Work task: Return only the lines of the data below from the line with "Masyarakat Dusun Tindal" up to and including the line with "aedniku töös olen", exactly as written, with the pictures omitted.
╭─ Extracted information
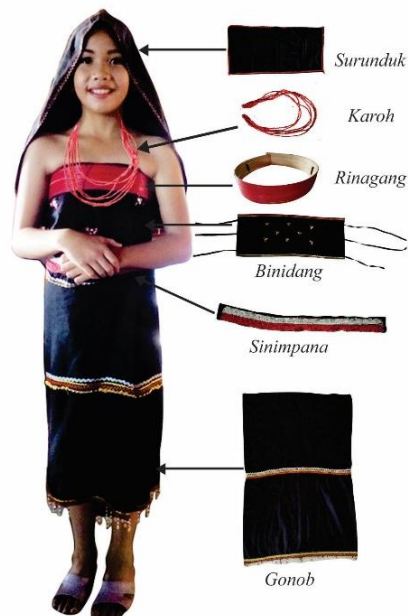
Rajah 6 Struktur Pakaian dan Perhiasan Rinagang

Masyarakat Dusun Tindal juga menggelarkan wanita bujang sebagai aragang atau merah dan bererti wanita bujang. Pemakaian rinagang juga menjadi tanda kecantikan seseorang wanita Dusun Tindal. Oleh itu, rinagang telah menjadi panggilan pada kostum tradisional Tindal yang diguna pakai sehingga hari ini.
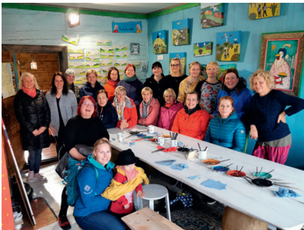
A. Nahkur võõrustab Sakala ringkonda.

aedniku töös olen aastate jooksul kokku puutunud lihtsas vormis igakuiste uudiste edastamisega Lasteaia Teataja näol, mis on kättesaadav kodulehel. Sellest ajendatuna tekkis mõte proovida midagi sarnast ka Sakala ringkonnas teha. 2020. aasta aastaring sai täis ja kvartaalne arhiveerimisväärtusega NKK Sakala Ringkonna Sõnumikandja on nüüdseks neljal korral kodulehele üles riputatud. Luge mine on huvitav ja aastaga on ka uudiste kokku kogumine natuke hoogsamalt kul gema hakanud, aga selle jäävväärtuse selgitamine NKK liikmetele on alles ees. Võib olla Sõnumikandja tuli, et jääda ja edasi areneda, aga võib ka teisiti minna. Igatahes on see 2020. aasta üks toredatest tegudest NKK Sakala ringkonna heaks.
╰─
╭─ Extracted information
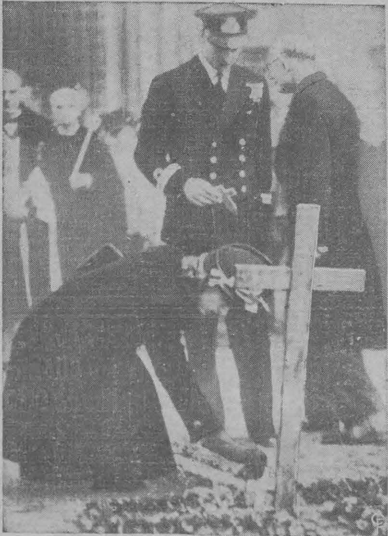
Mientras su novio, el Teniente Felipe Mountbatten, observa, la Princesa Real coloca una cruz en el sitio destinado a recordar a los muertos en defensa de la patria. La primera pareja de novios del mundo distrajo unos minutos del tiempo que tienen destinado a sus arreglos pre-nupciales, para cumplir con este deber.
╰─
Solution to this task:
Masyarakat Dusun Tindal juga menggelarkan wanita bujang sebagai aragang atau merah dan bererti wanita bujang. Pemakaian rinagang juga menjadi tanda kecantikan seseorang wanita Dusun Tindal. Oleh itu, rinagang telah menjadi panggilan pada kostum tradisional Tindal yang diguna pakai sehingga hari ini.
A. Nahkur võõrustab Sakala ringkonda.

aedniku töös olen aastate jooksul kokku puutunud lihtsas vormis igakuiste uudiste edastamisega Lasteaia Teataja näol, mis on kättesaadav kodulehel. Sellest ajendatuna tekkis mõte proovida midagi sarnast ka Sakala ringkonnas teha. 2020. aasta aastaring sai täis ja kvartaalne arhiveerimisväärtusega NKK Sakala Ringkonna Sõnumikandja on nüüdseks neljal korral kodulehele üles riputatud. Luge mine on huvitav ja aastaga on ka uudiste kokku kogumine natuke hoogsamalt kul gema hakanud, aga selle jäävväärtuse selgitamine NKK liikmetele on alles ees. Võib olla Sõnumikandja tuli, et jääda ja edasi areneda, aga võib ka teisiti minna. Igatahes on see 2020. aasta üks toredatest tegudest NKK Sakala ringkonna heaks.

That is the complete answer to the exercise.